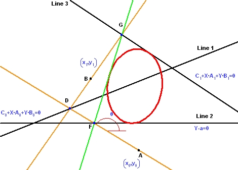 θ が変化すると、この直線も動きます。これらの直線の包絡線は以下の赤で示す円錐曲線となります。この円錐曲線は、前の例で最初の3つの点と2つの直線で定められたものと同様、最初の3つの直線と2つの点によって定まります。これらの直線と点が変わると、円錐曲線の包絡線全体も変わります。
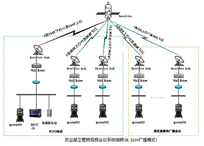 此次農(nóng)業(yè)部視頻會(huì)議網(wǎng)是構(gòu)建在基于衛(wèi)星網(wǎng)的IP網(wǎng)絡(luò)應(yīng)用環(huán)境中,這是寶利通中國(guó)公司首次為客戶建設(shè)運(yùn)行于衛(wèi)星網(wǎng)上視頻會(huì)議系統(tǒng)。系統(tǒng)構(gòu)建于基于ITU
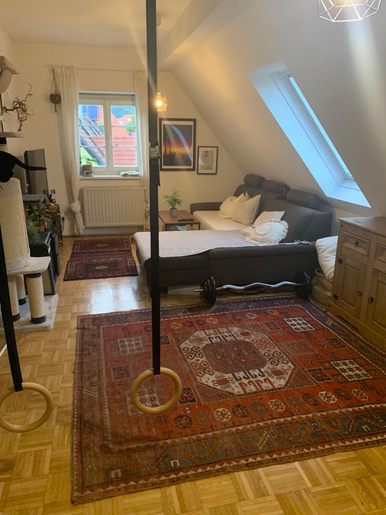 Sehr gemütliche Dachgeschosswohnung mit Küche inklusive Geschirrspühler zu vermieten ab sofort. Diese befindet sich in der Nähe der Endhaltestelle Wetzelsdorf. Sehr ruhig gelegen in einer Seitenstraße (Wohnstraße). Parkplätze sind in der Umgebung viele vorhanden (keine Zone).

◇ ◇ ◇ ◇ ◇ ◇ ◇

Assignment: Would you set down the listing exactly, omitting pictures?

Reply:
 θ が変化すると、この直線も動きます。これらの直線の包絡線は以下の赤で示す円錐曲線となります。この円錐曲線は、前の例で最初の3つの点と2つの直線で定められたものと同様、最初の3つの直線と2つの点によって定まります。これらの直線と点が変わると、円錐曲線の包絡線全体も変わります。
 此次農(nóng)業(yè)部視頻會(huì)議網(wǎng)是構(gòu)建在基于衛(wèi)星網(wǎng)的IP網(wǎng)絡(luò)應(yīng)用環(huán)境中,這是寶利通中國(guó)公司首次為客戶建設(shè)運(yùn)行于衛(wèi)星網(wǎng)上視頻會(huì)議系統(tǒng)。系統(tǒng)構(gòu)建于基于ITU
 Sehr gemütliche Dachgeschosswohnung mit Küche inklusive Geschirrspühler zu vermieten ab sofort. Diese befindet sich in der Nähe der Endhaltestelle Wetzelsdorf. Sehr ruhig gelegen in einer Seitenstraße (Wohnstraße). Parkplätze sind in der Umgebung viele vorhanden (keine Zone).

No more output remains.